Before the ninetieth birthday of Pope Emeritus Benedict XVI on Easter Sunday, Tracey Rowland published in these pages an appreciation for what she called a “Ratzinger Revolution” – a theological foundation on which, she predicts, future scholars and pastors will rebuild a Church damaged by secularism. Rowland speaks of a “treasury to be mined by future generations trying to piece together elements of a fragmented Christian culture.”
Yet as “Father Benedict” turns 90, it is evident that a great deal has already been built upon his thought. Future generations will certainly develop that further, but rather than building a house upon Ratzinger/Benedict’s foundation, they will be finishing rooms that he has already roughed in.
Or to push the metaphor in the opposite direction, the foundations of the household of faith were being radically undermined, and Ratzinger did much of the necessary restorative work to shore them up.
While the breadth of Ratzinger’s thought touches on the full range of theology, and other disciplines besides, his key contributions – where the foundation was most threatened – were the place of sacred scripture, the correct interpretation of Vatican II, and the liturgy.
By the time Ratzinger was ordained in 1951, several generations of biblical scholarship – while making great scientific advances – had begun to erode the central and sacred role of the Bible in the life of the Church. Advances in biblical archaeology, study of ancient languages and literary criticism had produced remarkable new understandings of the biblical texts. Scripture scholarship, though, had slipped away from theology and become something akin to classics, as if the Bible were Greek epic poetry or Latin rhetoric.

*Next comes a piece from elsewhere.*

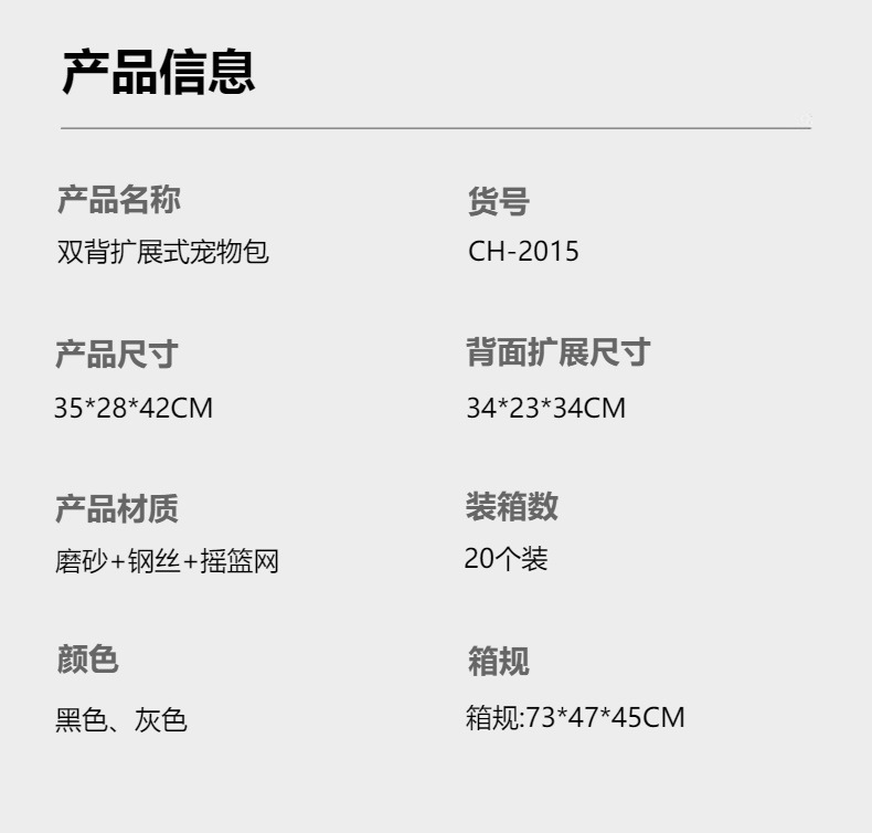 더블 백 확장형 애완 동물 가방 새로운 접이식 휴대용 고양이 가방 대용량 더블 어깨 애완 동물 배낭 도매

Ratzinger accepted all that was good in the new methods, but insisted that if the scriptures were to have any relevance for today, they had to be read in light of the faith, to be read as divine revelation received and lived by the Church. Biblical scholarship that, for example, tried to get to the “real” text behind centuries of patristic reflection, was treating the text as something separate from the people it was addressed to – the Church.